== Segment start ==

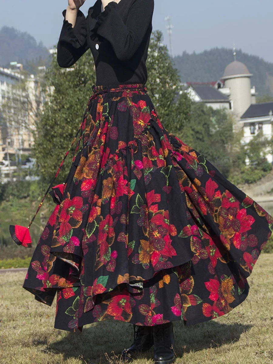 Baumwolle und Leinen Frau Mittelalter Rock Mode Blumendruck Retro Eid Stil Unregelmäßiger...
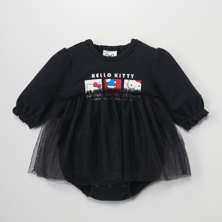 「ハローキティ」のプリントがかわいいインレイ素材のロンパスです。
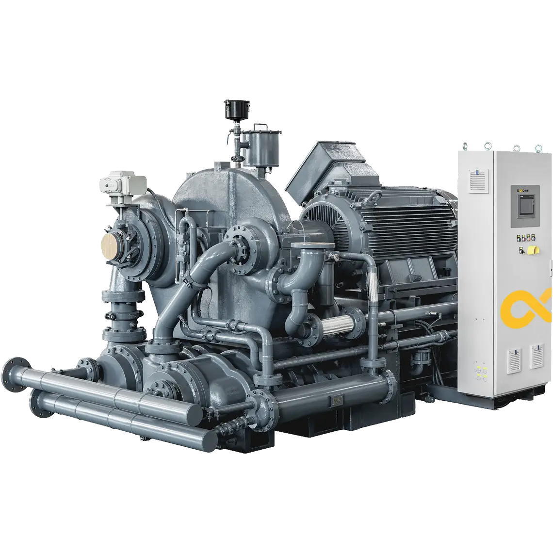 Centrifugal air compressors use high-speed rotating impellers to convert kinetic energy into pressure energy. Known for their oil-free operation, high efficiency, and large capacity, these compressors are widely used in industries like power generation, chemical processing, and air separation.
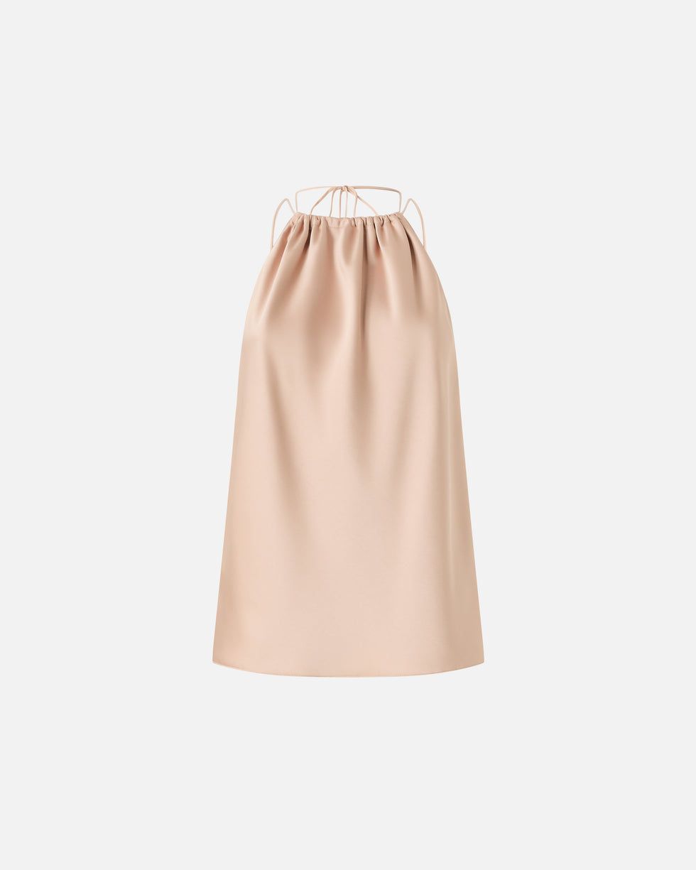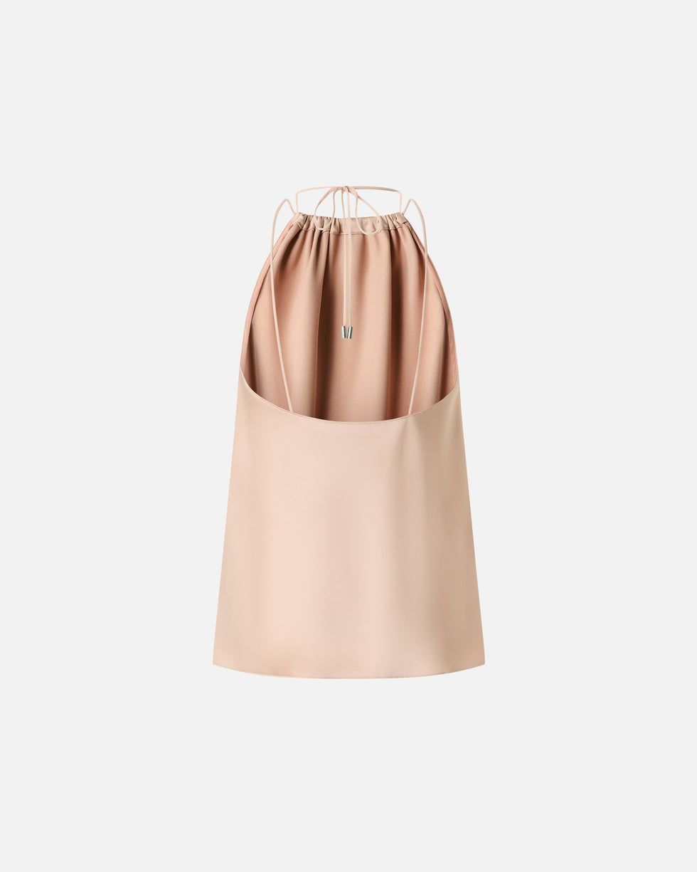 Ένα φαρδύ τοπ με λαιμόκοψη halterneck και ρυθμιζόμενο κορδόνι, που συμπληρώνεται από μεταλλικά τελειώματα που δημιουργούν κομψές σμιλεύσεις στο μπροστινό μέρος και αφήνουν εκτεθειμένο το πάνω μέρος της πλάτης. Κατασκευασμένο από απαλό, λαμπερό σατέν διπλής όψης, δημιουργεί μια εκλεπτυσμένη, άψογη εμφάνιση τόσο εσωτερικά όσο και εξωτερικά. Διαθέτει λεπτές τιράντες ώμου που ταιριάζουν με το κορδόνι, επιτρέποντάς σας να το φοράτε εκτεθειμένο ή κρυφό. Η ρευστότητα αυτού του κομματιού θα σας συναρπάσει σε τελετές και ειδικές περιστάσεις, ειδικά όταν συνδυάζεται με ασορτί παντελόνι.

== Segment end ==
== Segment start ==

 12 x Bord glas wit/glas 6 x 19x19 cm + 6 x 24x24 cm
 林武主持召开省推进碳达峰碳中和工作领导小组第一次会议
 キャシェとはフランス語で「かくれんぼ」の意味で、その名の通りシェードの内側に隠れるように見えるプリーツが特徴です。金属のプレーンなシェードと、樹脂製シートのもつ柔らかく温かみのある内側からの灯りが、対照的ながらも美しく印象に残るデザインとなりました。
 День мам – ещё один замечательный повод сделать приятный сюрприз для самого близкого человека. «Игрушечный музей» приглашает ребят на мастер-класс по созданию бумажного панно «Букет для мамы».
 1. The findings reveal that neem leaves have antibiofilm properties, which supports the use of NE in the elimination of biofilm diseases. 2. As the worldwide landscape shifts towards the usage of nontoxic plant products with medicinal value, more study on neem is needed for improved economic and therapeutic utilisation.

== Segment end ==
== Segment start ==

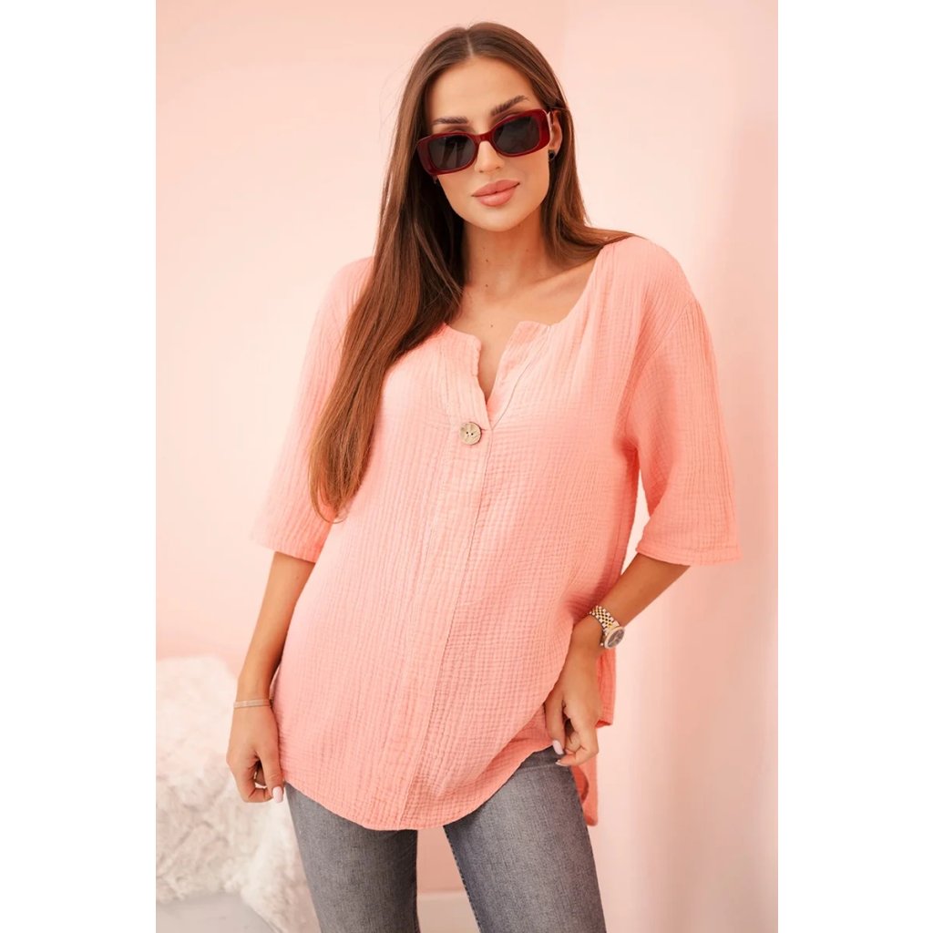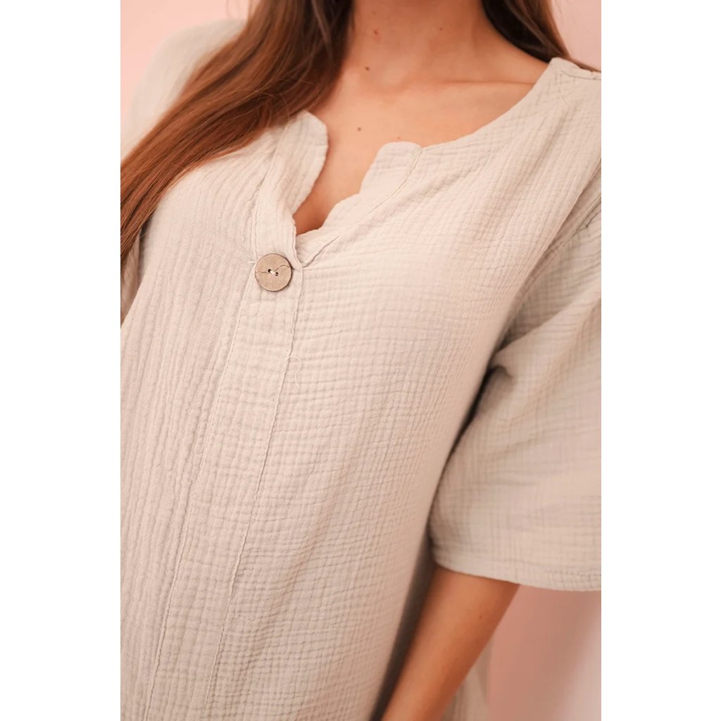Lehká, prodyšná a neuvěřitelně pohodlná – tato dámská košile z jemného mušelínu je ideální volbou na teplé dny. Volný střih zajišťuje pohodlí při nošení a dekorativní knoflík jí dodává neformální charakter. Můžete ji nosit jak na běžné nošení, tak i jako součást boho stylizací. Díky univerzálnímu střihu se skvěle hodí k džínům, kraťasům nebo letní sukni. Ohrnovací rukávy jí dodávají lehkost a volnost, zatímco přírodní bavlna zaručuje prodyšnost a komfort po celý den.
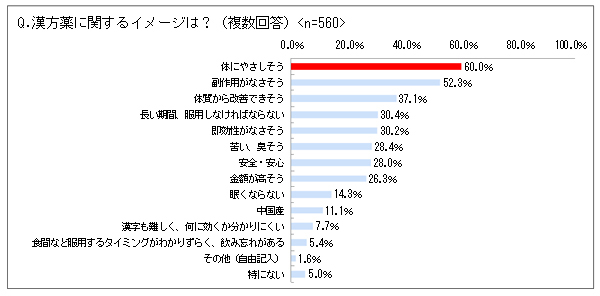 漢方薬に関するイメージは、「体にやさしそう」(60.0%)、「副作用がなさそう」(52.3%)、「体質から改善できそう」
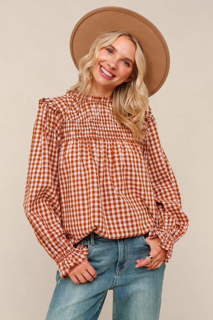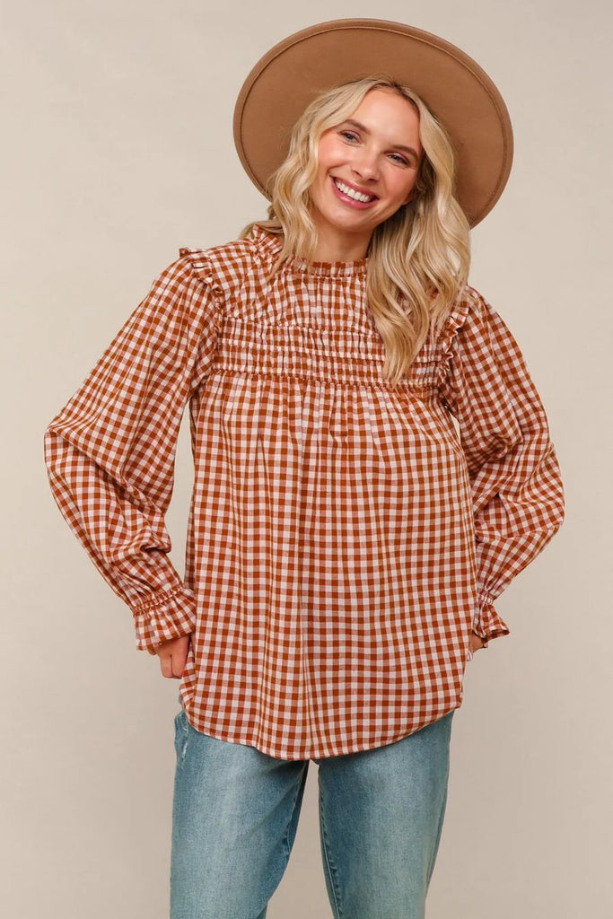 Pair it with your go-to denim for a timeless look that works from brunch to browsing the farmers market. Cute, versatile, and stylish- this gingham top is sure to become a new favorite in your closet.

== Segment end ==

Reproduce, exactly and only, the lines of the records above starting at the line with "Centrifugal air compressors" and ending at the line with "Ένα φαρδύ τοπ", both included. Leave every picture out.

* Solution for this task:
 Centrifugal air compressors use high-speed rotating impellers to convert kinetic energy into pressure energy. Known for their oil-free operation, high efficiency, and large capacity, these compressors are widely used in industries like power generation, chemical processing, and air separation.
 Ένα φαρδύ τοπ με λαιμόκοψη halterneck και ρυθμιζόμενο κορδόνι, που συμπληρώνεται από μεταλλικά τελειώματα που δημιουργούν κομψές σμιλεύσεις στο μπροστινό μέρος και αφήνουν εκτεθειμένο το πάνω μέρος της πλάτης. Κατασκευασμένο από απαλό, λαμπερό σατέν διπλής όψης, δημιουργεί μια εκλεπτυσμένη, άψογη εμφάνιση τόσο εσωτερικά όσο και εξωτερικά. Διαθέτει λεπτές τιράντες ώμου που ταιριάζουν με το κορδόνι, επιτρέποντάς σας να το φοράτε εκτεθειμένο ή κρυφό. Η ρευστότητα αυτού του κομματιού θα σας συναρπάσει σε τελετές και ειδικές περιστάσεις, ειδικά όταν συνδυάζεται με ασορτί παντελόνι.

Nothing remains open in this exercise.